Top of DATA
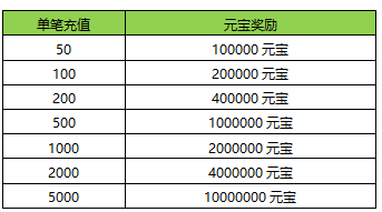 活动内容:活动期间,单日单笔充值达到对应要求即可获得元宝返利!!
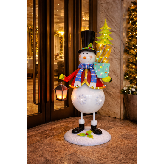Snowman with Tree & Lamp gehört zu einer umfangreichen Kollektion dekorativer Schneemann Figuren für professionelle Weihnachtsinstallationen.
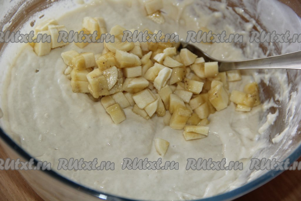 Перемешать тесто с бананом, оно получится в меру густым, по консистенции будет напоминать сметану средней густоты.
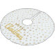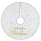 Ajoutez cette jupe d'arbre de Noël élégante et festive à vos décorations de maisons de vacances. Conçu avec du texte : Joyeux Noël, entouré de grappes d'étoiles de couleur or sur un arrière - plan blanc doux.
Bottom of DATA
Top of DATA
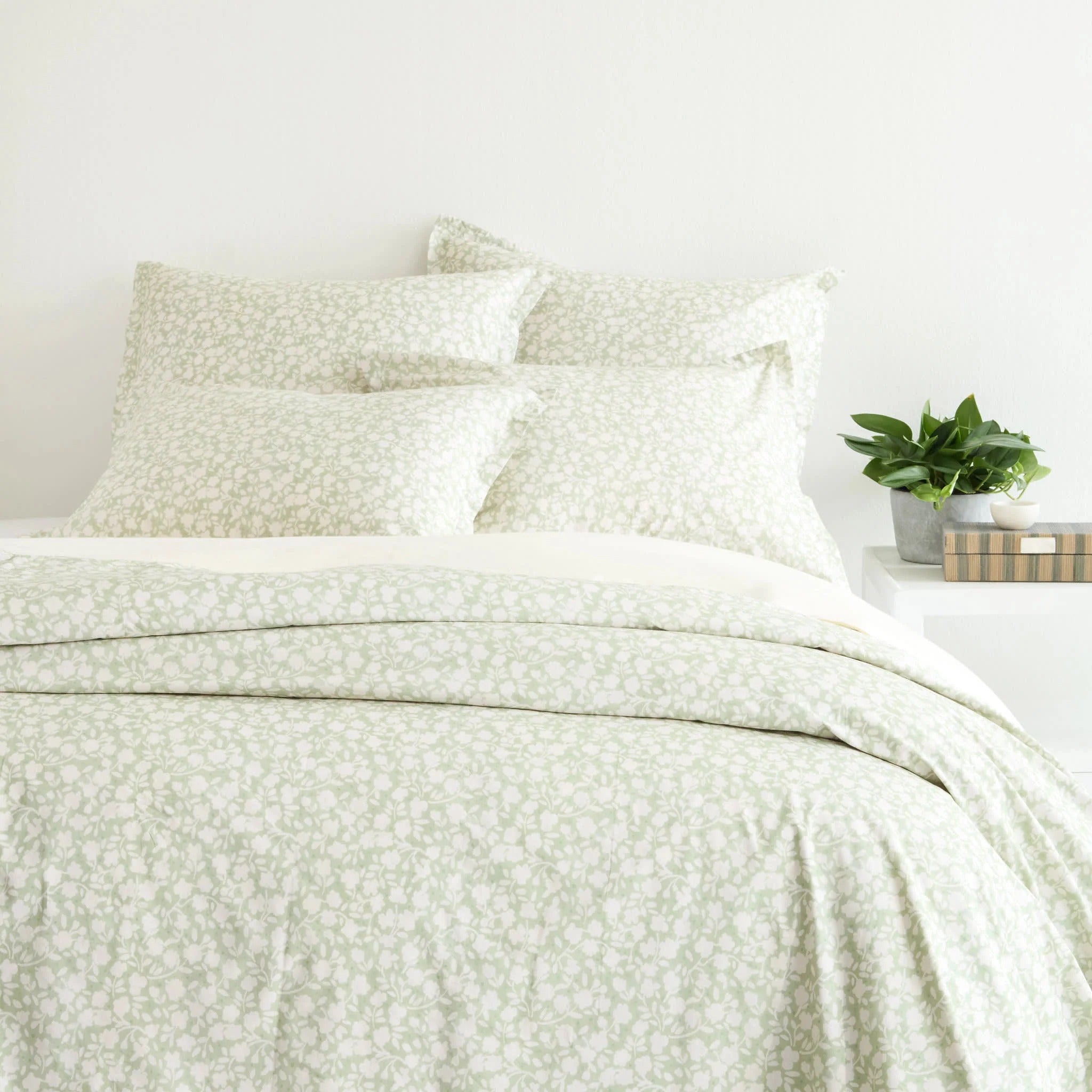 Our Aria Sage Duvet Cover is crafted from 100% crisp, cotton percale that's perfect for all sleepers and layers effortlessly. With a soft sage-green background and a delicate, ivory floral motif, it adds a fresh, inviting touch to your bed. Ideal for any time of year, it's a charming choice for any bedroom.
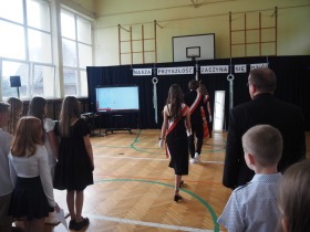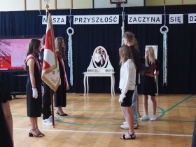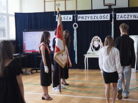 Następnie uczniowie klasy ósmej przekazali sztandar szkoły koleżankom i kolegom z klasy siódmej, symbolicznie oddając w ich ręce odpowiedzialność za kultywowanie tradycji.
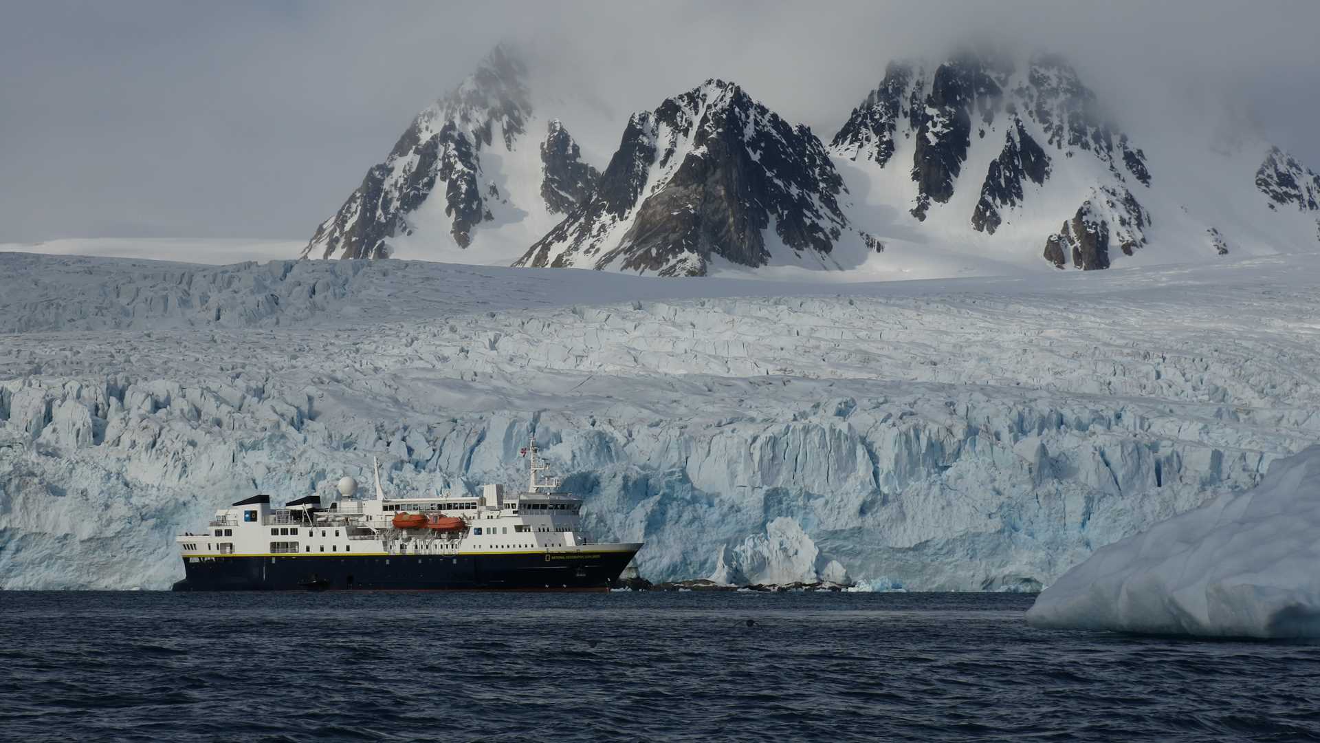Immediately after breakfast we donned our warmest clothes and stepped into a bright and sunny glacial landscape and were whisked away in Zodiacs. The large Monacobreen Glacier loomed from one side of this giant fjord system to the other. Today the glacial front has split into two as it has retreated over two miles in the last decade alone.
Bottom of DATA
Top of DATA
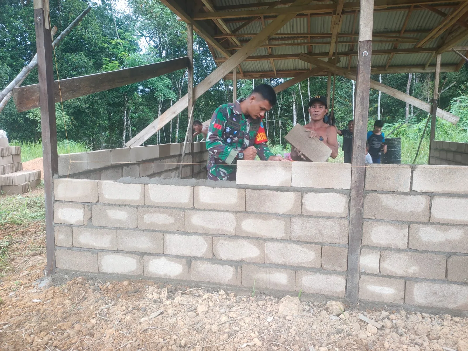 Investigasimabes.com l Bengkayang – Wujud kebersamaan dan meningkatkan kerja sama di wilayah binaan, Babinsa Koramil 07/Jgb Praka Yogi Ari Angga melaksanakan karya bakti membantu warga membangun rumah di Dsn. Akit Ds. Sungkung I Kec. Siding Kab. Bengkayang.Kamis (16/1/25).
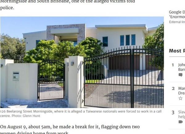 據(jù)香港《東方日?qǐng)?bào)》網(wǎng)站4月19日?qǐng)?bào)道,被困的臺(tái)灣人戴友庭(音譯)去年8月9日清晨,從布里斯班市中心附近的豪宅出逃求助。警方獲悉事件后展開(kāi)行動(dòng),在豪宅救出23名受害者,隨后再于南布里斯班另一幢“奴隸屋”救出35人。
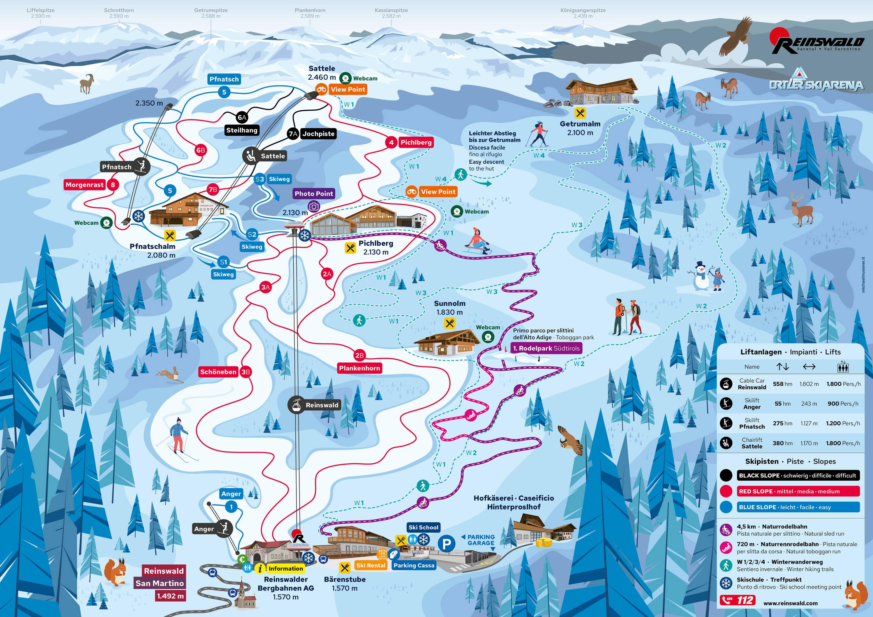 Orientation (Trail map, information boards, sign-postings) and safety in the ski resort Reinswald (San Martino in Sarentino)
Bottom of DATA
— WORK INSTRUCTION —
Of all the material above, only the lines from the one that has "據(jù)香港《東方日?qǐ" down to the one that has "Orientation (Trail map, information" are to be written out, exactly and with both ends included. Pictures are skipped.

— FINAL ANSWER —
 據(jù)香港《東方日?qǐng)?bào)》網(wǎng)站4月19日?qǐng)?bào)道,被困的臺(tái)灣人戴友庭(音譯)去年8月9日清晨,從布里斯班市中心附近的豪宅出逃求助。警方獲悉事件后展開(kāi)行動(dòng),在豪宅救出23名受害者,隨后再于南布里斯班另一幢“奴隸屋”救出35人。
 Orientation (Trail map, information boards, sign-postings) and safety in the ski resort Reinswald (San Martino in Sarentino)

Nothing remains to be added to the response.